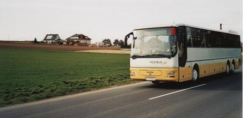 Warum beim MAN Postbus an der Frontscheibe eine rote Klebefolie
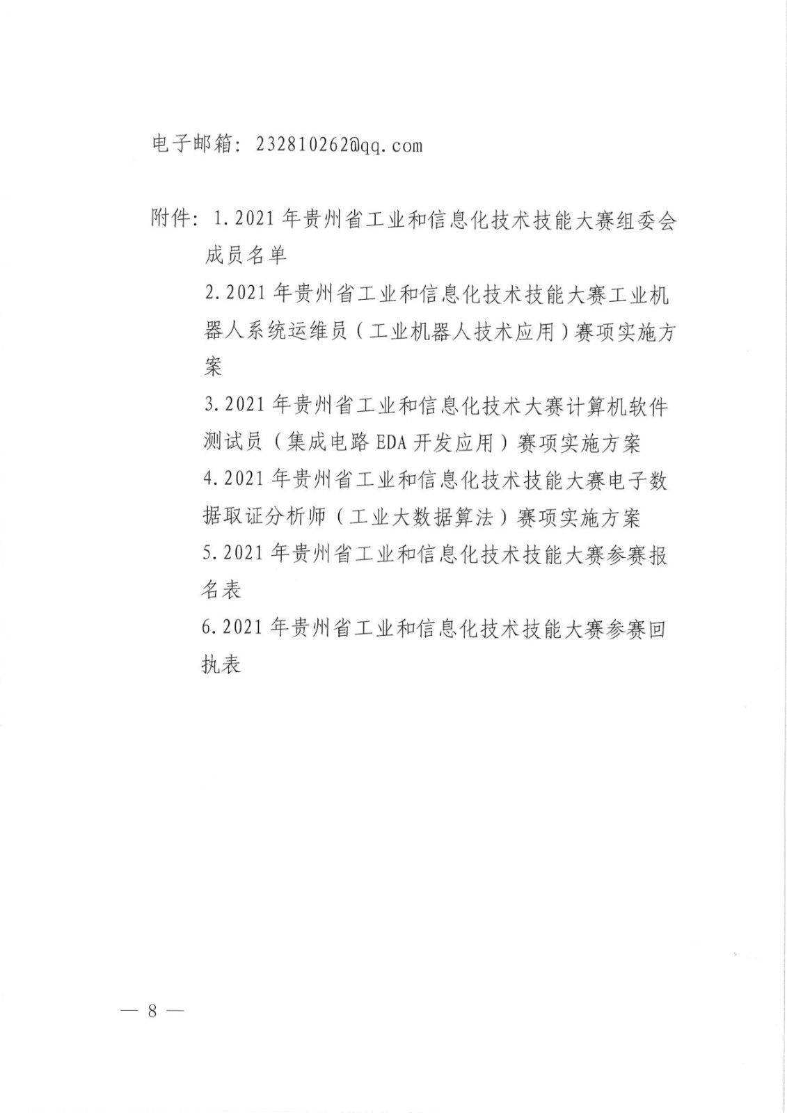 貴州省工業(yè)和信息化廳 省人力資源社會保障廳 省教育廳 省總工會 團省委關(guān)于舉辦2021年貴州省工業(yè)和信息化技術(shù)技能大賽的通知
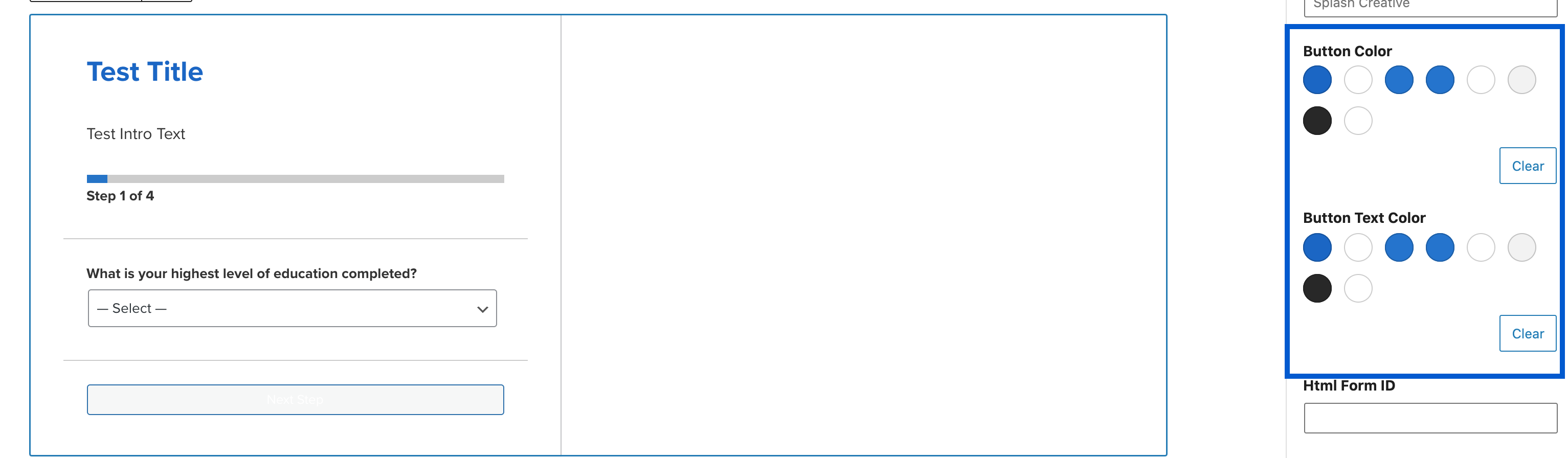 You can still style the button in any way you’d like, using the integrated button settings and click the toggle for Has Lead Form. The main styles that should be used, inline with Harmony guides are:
--
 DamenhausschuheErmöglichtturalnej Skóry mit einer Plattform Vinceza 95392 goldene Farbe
* * *
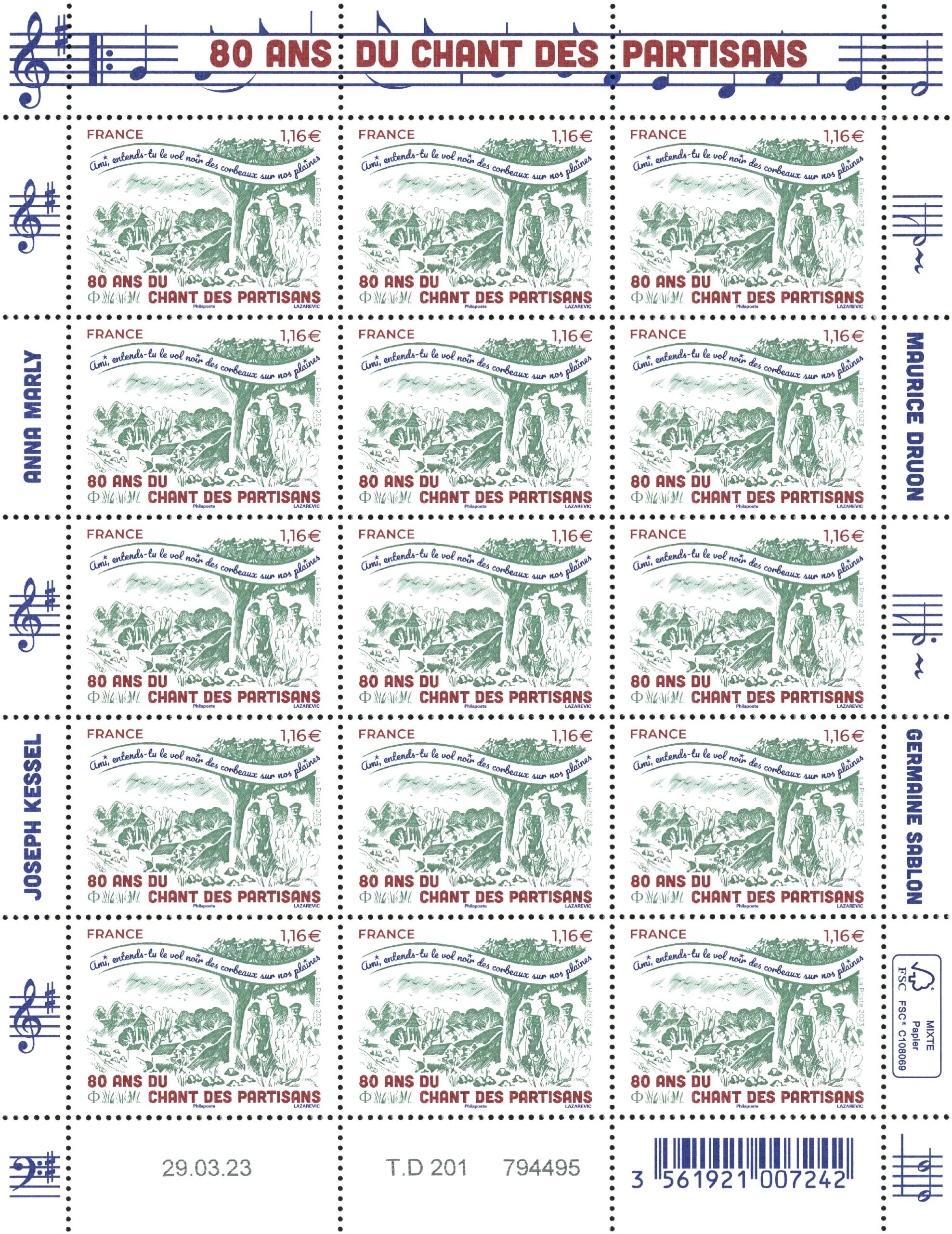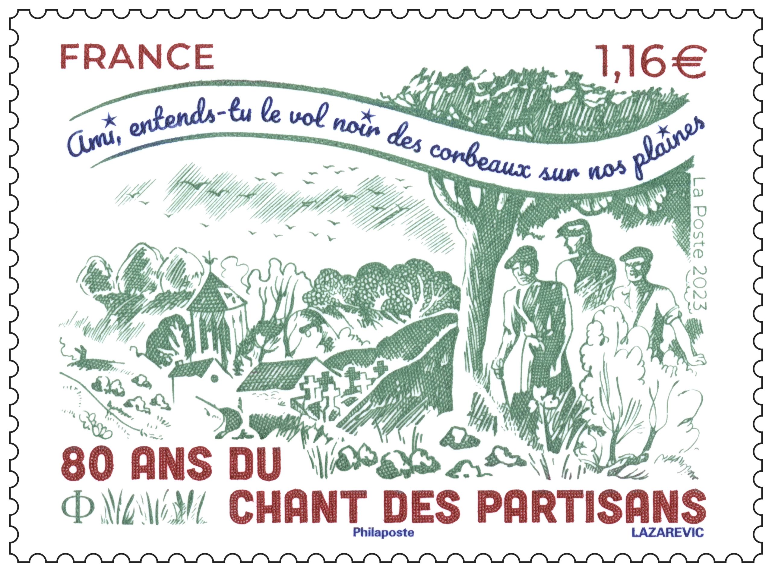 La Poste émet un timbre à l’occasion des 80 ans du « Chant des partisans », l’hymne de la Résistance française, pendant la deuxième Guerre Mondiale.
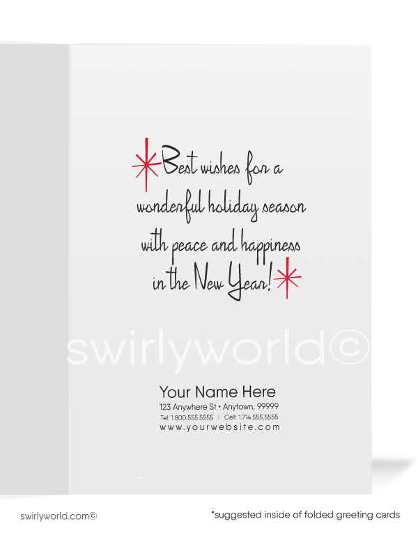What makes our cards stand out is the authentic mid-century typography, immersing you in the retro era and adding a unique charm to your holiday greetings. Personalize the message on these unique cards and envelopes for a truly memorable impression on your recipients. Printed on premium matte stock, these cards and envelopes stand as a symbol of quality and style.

= Exercise brief =
Retype, exactly and with no pictures, everything above from the line with "貴州省工業(yè)和信息化廳 省人力資源社會保障廳 省教育廳" down to the line with "You can still", both included.

= Solution below =
 貴州省工業(yè)和信息化廳 省人力資源社會保障廳 省教育廳 省總工會 團省委關(guān)于舉辦2021年貴州省工業(yè)和信息化技術(shù)技能大賽的通知
 You can still style the button in any way you’d like, using the integrated button settings and click the toggle for Has Lead Form. The main styles that should be used, inline with Harmony guides are:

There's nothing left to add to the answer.